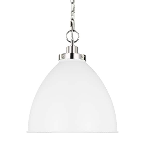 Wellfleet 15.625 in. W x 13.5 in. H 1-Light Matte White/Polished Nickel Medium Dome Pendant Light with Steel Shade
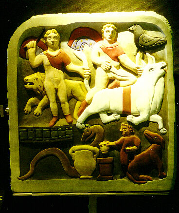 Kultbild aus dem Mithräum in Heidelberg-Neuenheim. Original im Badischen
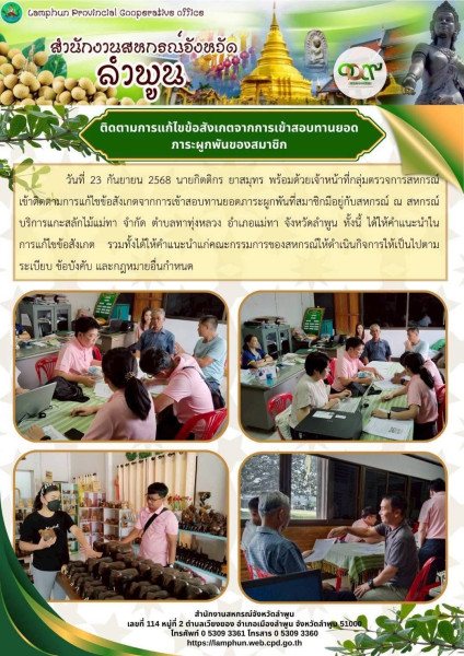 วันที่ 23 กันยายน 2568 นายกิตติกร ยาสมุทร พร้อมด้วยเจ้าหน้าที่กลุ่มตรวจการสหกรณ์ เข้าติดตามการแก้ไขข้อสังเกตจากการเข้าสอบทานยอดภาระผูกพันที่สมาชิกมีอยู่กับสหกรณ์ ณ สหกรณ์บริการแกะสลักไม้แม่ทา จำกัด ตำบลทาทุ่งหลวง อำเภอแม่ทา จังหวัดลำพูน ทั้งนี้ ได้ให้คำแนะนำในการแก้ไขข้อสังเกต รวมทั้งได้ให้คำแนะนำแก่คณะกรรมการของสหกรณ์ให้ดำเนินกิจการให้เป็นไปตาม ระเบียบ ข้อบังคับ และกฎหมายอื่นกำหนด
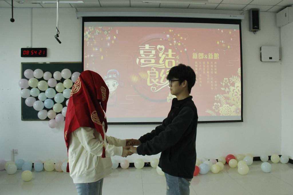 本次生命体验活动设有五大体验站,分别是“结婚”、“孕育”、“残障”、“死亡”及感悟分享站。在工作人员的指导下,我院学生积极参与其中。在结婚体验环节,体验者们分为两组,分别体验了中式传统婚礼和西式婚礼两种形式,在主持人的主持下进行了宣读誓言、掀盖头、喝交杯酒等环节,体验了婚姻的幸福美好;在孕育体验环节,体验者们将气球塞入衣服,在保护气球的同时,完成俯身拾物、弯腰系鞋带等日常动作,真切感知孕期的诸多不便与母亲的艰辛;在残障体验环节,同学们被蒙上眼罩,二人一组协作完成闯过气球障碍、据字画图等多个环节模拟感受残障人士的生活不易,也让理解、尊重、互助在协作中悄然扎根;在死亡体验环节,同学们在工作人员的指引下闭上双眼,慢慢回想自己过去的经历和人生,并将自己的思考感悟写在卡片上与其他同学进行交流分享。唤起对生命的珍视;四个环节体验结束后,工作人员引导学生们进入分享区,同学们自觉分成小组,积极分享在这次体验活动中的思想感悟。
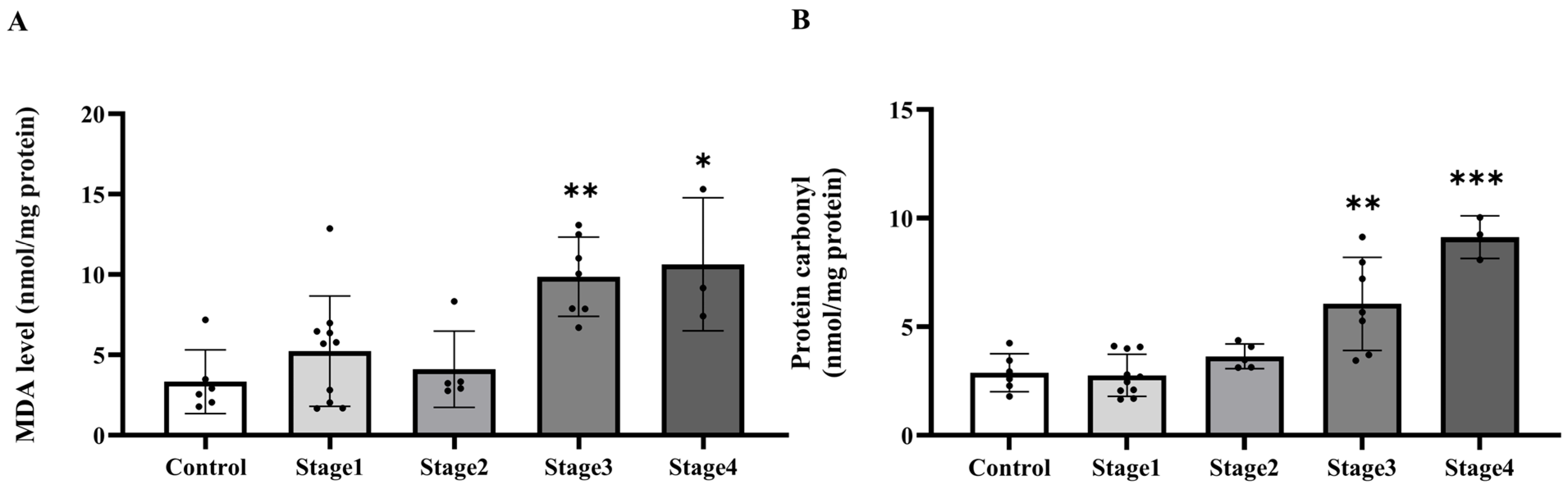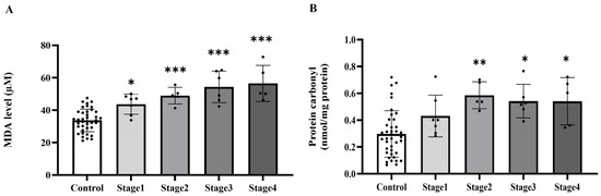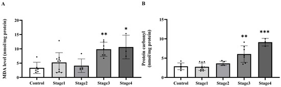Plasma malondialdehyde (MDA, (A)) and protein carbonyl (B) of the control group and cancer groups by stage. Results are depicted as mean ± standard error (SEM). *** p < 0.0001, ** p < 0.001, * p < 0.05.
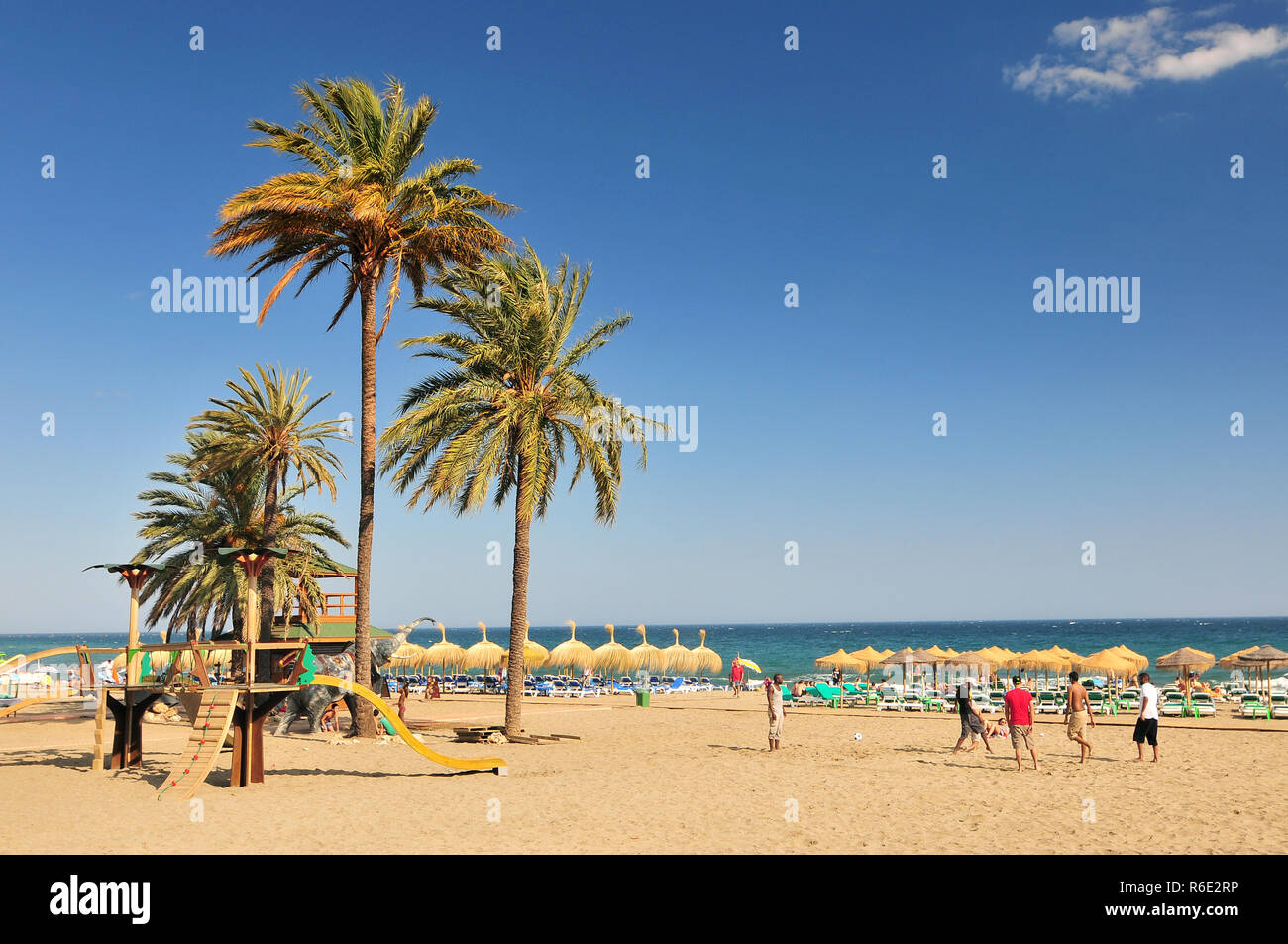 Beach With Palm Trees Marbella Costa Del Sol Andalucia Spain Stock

*****

* **What you will do**:
Omit the pictures and copy the records above exactly.

* **Solution**:
 Wellfleet 15.625 in. W x 13.5 in. H 1-Light Matte White/Polished Nickel Medium Dome Pendant Light with Steel Shade
 Kultbild aus dem Mithräum in Heidelberg-Neuenheim. Original im Badischen
 วันที่ 23 กันยายน 2568 นายกิตติกร ยาสมุทร พร้อมด้วยเจ้าหน้าที่กลุ่มตรวจการสหกรณ์ เข้าติดตามการแก้ไขข้อสังเกตจากการเข้าสอบทานยอดภาระผูกพันที่สมาชิกมีอยู่กับสหกรณ์ ณ สหกรณ์บริการแกะสลักไม้แม่ทา จำกัด ตำบลทาทุ่งหลวง อำเภอแม่ทา จังหวัดลำพูน ทั้งนี้ ได้ให้คำแนะนำในการแก้ไขข้อสังเกต รวมทั้งได้ให้คำแนะนำแก่คณะกรรมการของสหกรณ์ให้ดำเนินกิจการให้เป็นไปตาม ระเบียบ ข้อบังคับ และกฎหมายอื่นกำหนด
 本次生命体验活动设有五大体验站,分别是“结婚”、“孕育”、“残障”、“死亡”及感悟分享站。在工作人员的指导下,我院学生积极参与其中。在结婚体验环节,体验者们分为两组,分别体验了中式传统婚礼和西式婚礼两种形式,在主持人的主持下进行了宣读誓言、掀盖头、喝交杯酒等环节,体验了婚姻的幸福美好;在孕育体验环节,体验者们将气球塞入衣服,在保护气球的同时,完成俯身拾物、弯腰系鞋带等日常动作,真切感知孕期的诸多不便与母亲的艰辛;在残障体验环节,同学们被蒙上眼罩,二人一组协作完成闯过气球障碍、据字画图等多个环节模拟感受残障人士的生活不易,也让理解、尊重、互助在协作中悄然扎根;在死亡体验环节,同学们在工作人员的指引下闭上双眼,慢慢回想自己过去的经历和人生,并将自己的思考感悟写在卡片上与其他同学进行交流分享。唤起对生命的珍视;四个环节体验结束后,工作人员引导学生们进入分享区,同学们自觉分成小组,积极分享在这次体验活动中的思想感悟。
Plasma malondialdehyde (MDA, (A)) and protein carbonyl (B) of the control group and cancer groups by stage. Results are depicted as mean ± standard error (SEM). *** p < 0.0001, ** p < 0.001, * p < 0.05.
 Beach With Palm Trees Marbella Costa Del Sol Andalucia Spain Stock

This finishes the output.